From a major power to a sleeping giant

Once a major power, now a sleeping giant of the game, it is fair to say many clubs in the Championship have experienced tremendous falls from grace in recent years.

Huge financial pressures have made it increasingly hard for clubs to repeat their unprecedented success of yester year. The great Widnes team of the 1980s with the lightning quick Martin Offiah and Joe Lydon, not to mention Sheffield Eagles incredible Challenge Cup giant-killing win against Wigan in 1998, are sadly a thing of the past.            

And as one Cooperative Championship club stares down the barrel of liquidation this week, Wales is once again lapping up more RFL backing. 

The news that South Wales RLFC will join Championship 1 in 2010 will undoubtedly have rocked supporters of cash strapped Keighley Cougars. Newly-promoted Cougars are yet another financial casualty outside of Super League.
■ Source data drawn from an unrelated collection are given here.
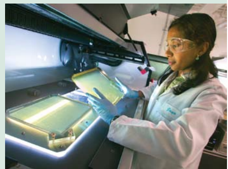
Microbial Biofuel Synthesis. Use metabolic engineering and synthetic biology to design microbes that streamline the cellulosic biofuel production process and produce next-generation biofuels.
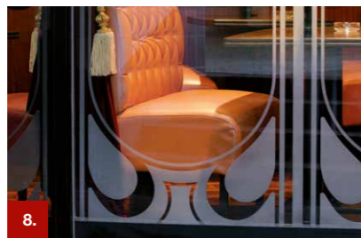
Example 8 ORACAL® 8810
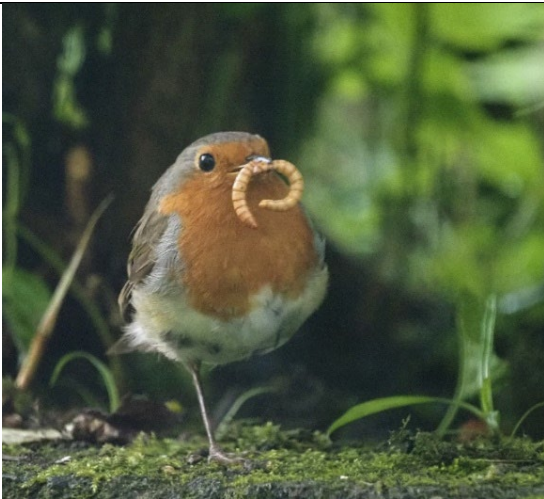
Some days are good .....

Brechfa Forest West Wind Farm Community Fund provides some funding for Village Voice and our website www.llanpumsaint.org.uk . We also receive funding from Llanpumsaint Community Council and all our advertisers. We thank them all for the support.
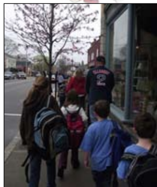
Parents & children walk down Main Street to Wakefield School
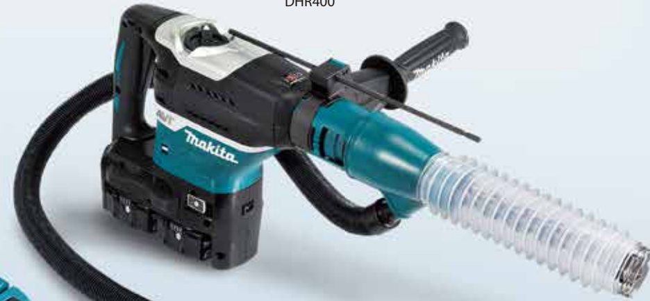
Cordless Rotary Hammer DHR400
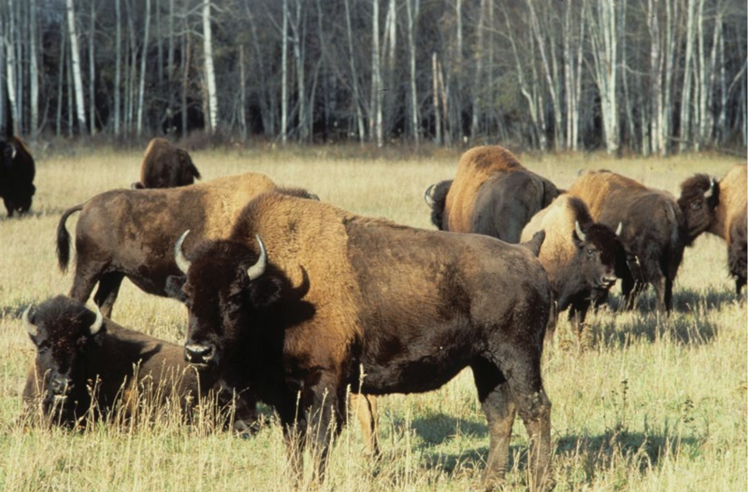
Bison in Wood Buffalo National Park.

will take the form of road constructions (upgrading of existing fire trails in some cases), construction of corrals, holding facilities, and the introduction of potential exotic vegetation (through the introduction of hay to feed captive animals.) Management of reintroduced bison herds also means using helicopters to round up animals and, potentially, to haze bison to keep them in designated areas.
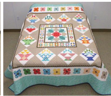
Flea Market 94 x 95
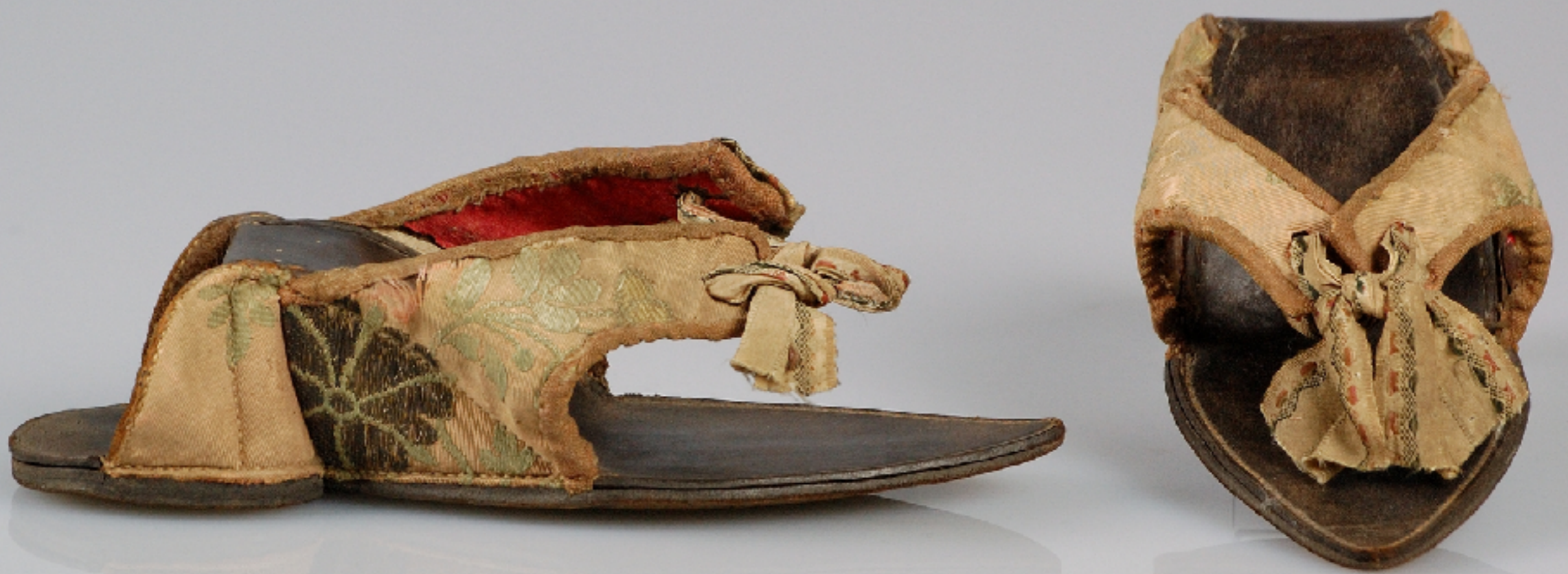
European Silk & Leather Clog Early 18th Century (Metropolitan Museum of Art)
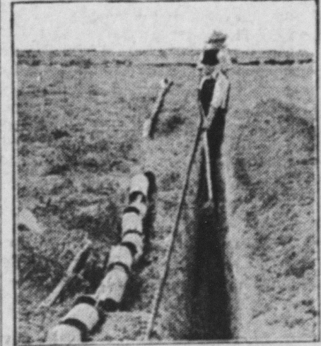
Digging the Ditch Preparatory to Laying the Tile.

Farm drains may be either open ditches, or tile, or a combination of
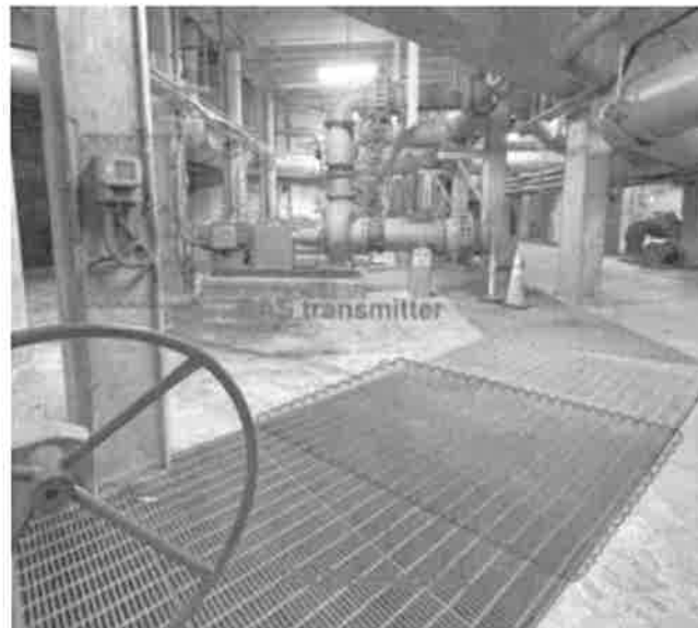
Figure No. 2: RAS Flowmeter
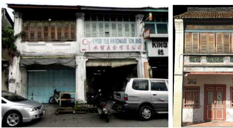
Figure 1. Facade view of shop house of Southern China style

first sultan married a princess from China. The Malaysian Chinese population is descended from the immigrants from the southern provinces of China [2]. They consist of several different clans including the Hakkas, Foochows, Hainanese, Teochius and Cantonese. During the British period in the early 19th century, the Chinese, who came to Malay Peninsula via Penang, Malacca and Singapore, were employed in tin mines and rubber estates. Some of them were hired in trades, as craftsmen and skilled mechanics, while others worked in sundry shops as shopkeepers [3]. Due to the discovery of tin fields between 1850 and 1870 in some parts of Perak and Selangor states, plus the increasing demand for tin ore in tinplate industry in Europe; a large number of them drastically, drifted to work in tin mines. The architectural tradition followed was a modified version of the "Chinese National". This is manifested in the symbolism of the ornaments that are used to convey luck, directions, seasons, the wind and constellations. The fundamental concept of design is courtyard, emphasis on the roof, exposure of structural element and colouring their building, floor finishes and others [4]. Normally the structure on this type of shop houses are plastered with lime and the roof structure are of timber. Figure 1 shows the façade view of shop house of Southern China style.
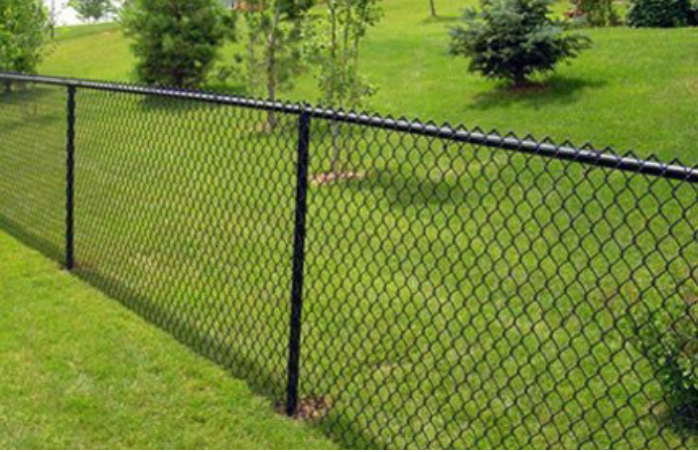
Low black chain mesh fence to soccer fields/junior cricket ovals
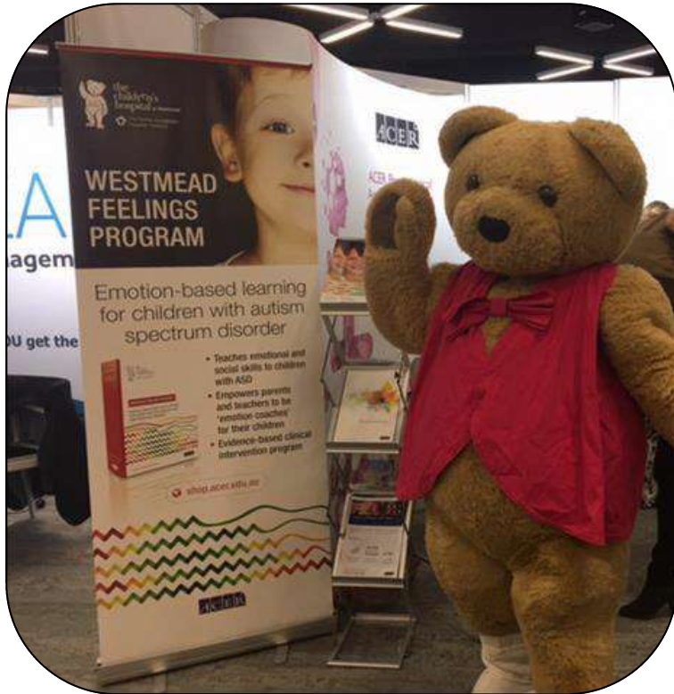
The Bandaged Bear celebrating the launch of Westmead Feelings Program 1 at APAC 17.

The Westmead Feelings Program 1 has been launched, making this evidence-based program for children with Autism available to every child with Autism worldwide. Westmead Feelings Program 1: emotion-based learning for children with autism spectrum disorder and mild intellectual disability (WFP 1) was launched at the Asia Pacific Autism Conference 2017 (apac 17) held in September in Sydney. WFP 1 is a therapy program delivered by educators and allied health professionals that promotes emotions competence skills for children with autism and develops parent and teacher emotion coaching skills. WFP 1 was formerly known as Emotion-based Social Skills Training for Children with Autism (EBSST). Based on ten years of research and development, WFP is an evidence-based program that has been shown to improve children's emotions competence in treatment versus control trials of over 330 children on the autism spectrum, with and without intellectual disability (Ratcliffe, Wong, Dossetor & Hayes, 2014; Ratcliffe, Wong, Dossetor & Hayes, under review).
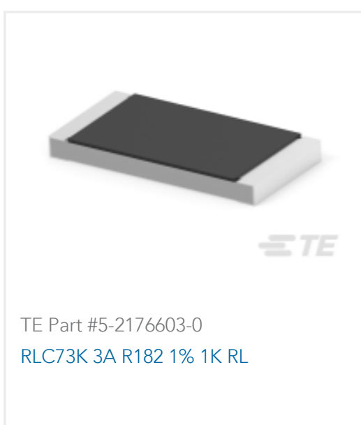
TE Part #5-2176603-0 RLC73K 3A R182 1% 1K RL

In the past few years, Leigh Centurions, Widnes Vikings, Gateshead Thunder, Doncaster Dragons and Halifax have all endured well documented financial battles.      

Two months ago, Barry Eaton guided his Cougars team to victory against Oldham in a thrilling Championship 1 Grand Final. 

Now the Lawkholme Lane club face a bleak future with a court hearing imminent at London’s High Court on January 27th.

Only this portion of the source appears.